Impairments in visual and auditory memory significantly hinder individuals' abilities to read and spell words. Memory function is a crucial aspect of human cognitive processing, playing a pivotal role in learning and overall development (24). Brain training exercises can effectively strengthen neural pathways in the brain through the implementation of physical movements. These exercises can lead to improvements in various cognitive, psychological, and motor functions, including cognitive flexibility, self-confidence, self-esteem, coordination, communication, focus, memory, stress management, and goal attainment (16). Exercise triggers the release of neurotrophins, which play a key role in increasing hippocampal volume. Neurotrophins promote the survival and regeneration of neurons, stimulating and facilitating their growth (25). These essential substances are crucial for memory formation and retention. Consequently, enhancing neurotrophin levels through exercise leads to improvements in visual and auditory memory.
This study had several limitations.
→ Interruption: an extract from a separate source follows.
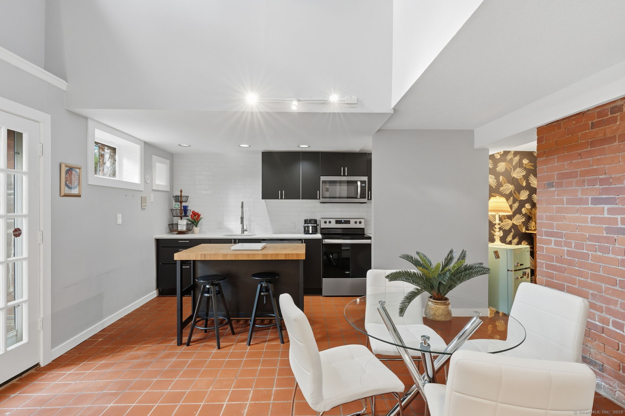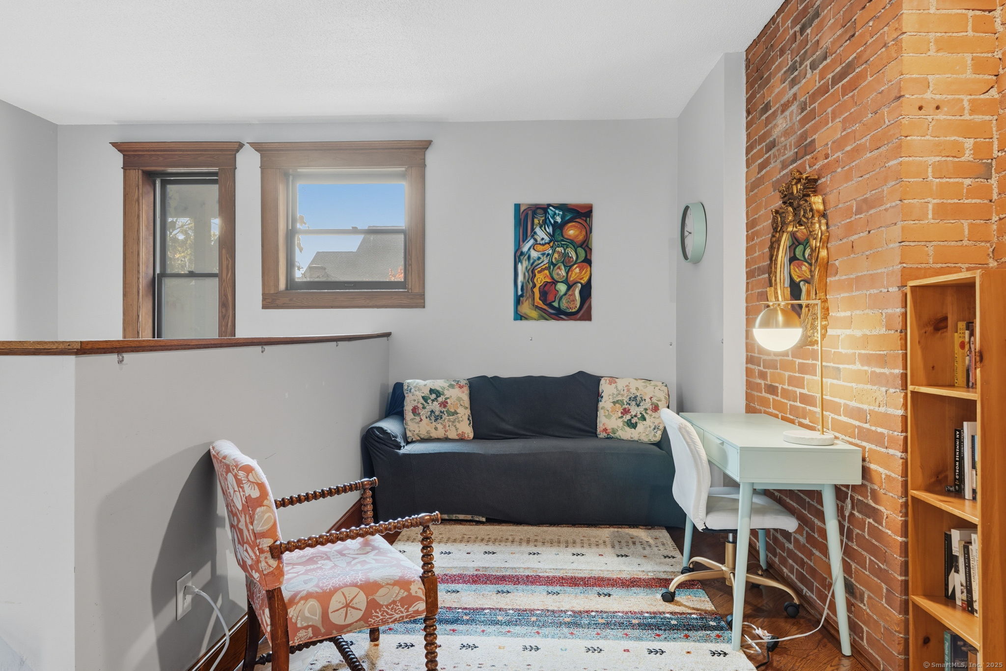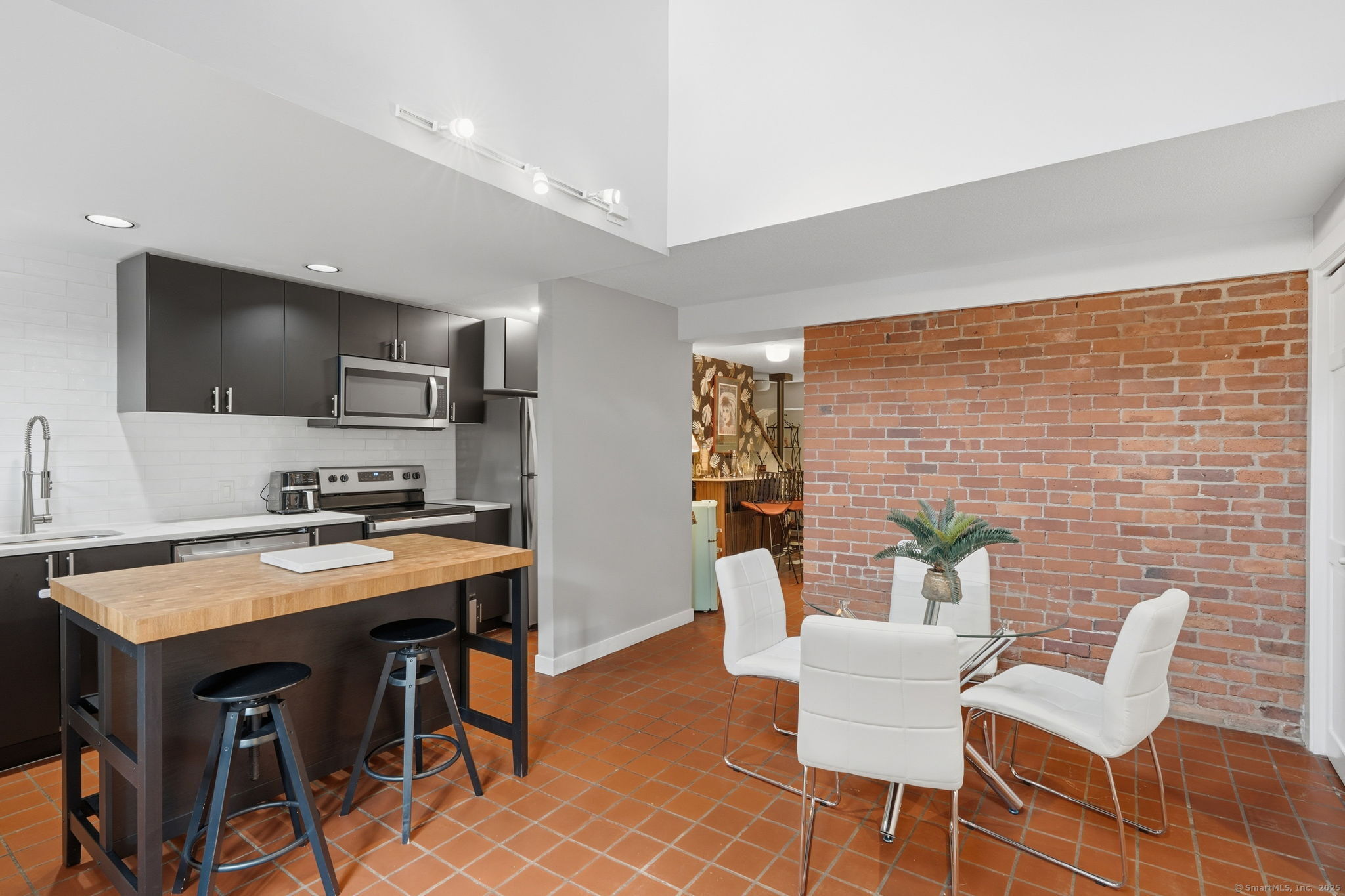 Experience refined urban living in this sprawling two-story upscale townhouse located in the heart of Hartford's historic West End. Offering the perfect blend of space, elegance, and modern comfort, this remarkable residence stands out with its vaulted ceilings, exposed brick walls, and sophisticated open-concept design. Featuring 1,381 square feet, 2 beds and 2.5 bathrooms, you will be impressed the moment you walk in. The expansive main level welcomes you with an impressive 18x20 great room, accented by rich hardwood floors, brick walls and a flexible 8x10 home office or bonus nook-ideal for today's lifestyle needs. The lower level boasts a modern, updated kitchen and dining area with sleek finishes, newer appliances, and a convenient pantry, opening to a private patio/terrace perfect for relaxing or entertaining. A stylish half bath and oversized laundry room complete the lower level, offering both functionality and flair. The main level offers two generous bedroom suites, each with its own private bath. The primary suite exudes comfort and sophistication with a fireplace, ample closet space, & renovated bath, while the second bedroom offers large windows and abundant natural light & private full bath with a neo-angle shower. Completely remodeled in the last 6 years, this home artfully balances historic charm with contemporary design and a spacious layout. Enjoy refreshed hardwood floors, updated bathrooms, newer mechanicals, heat & central air all within a boutique condo

The small sample size may have limited the generalizability of the findings. Additionally, the use of convenience sampling, while practical, may have introduced potential biases into the study, as participants were not randomly selected from the larger population.
5.1. Conclusions
This study investigated the effectiveness of a brain training program in enhancing memory function among students with dyslexia. Our findings revealed statistically significant improvements in both visual and auditory memory on post-tests compared to baseline measures. These results suggest that the brain training program positively impacts these cognitive functions in this population. Future research is necessary to explore the long-term sustainability of these memory gains. Additionally, investigating the underlying mechanisms by which the program exerts its effects would provide valuable insights into the neurocognitive processes involved. Finally, comparing the efficacy of this program with other interventions for improving memory in dyslexia, such as cognitive-behavioral therapy or educational interventions, would be beneficial for establishing best practices in supporting this population.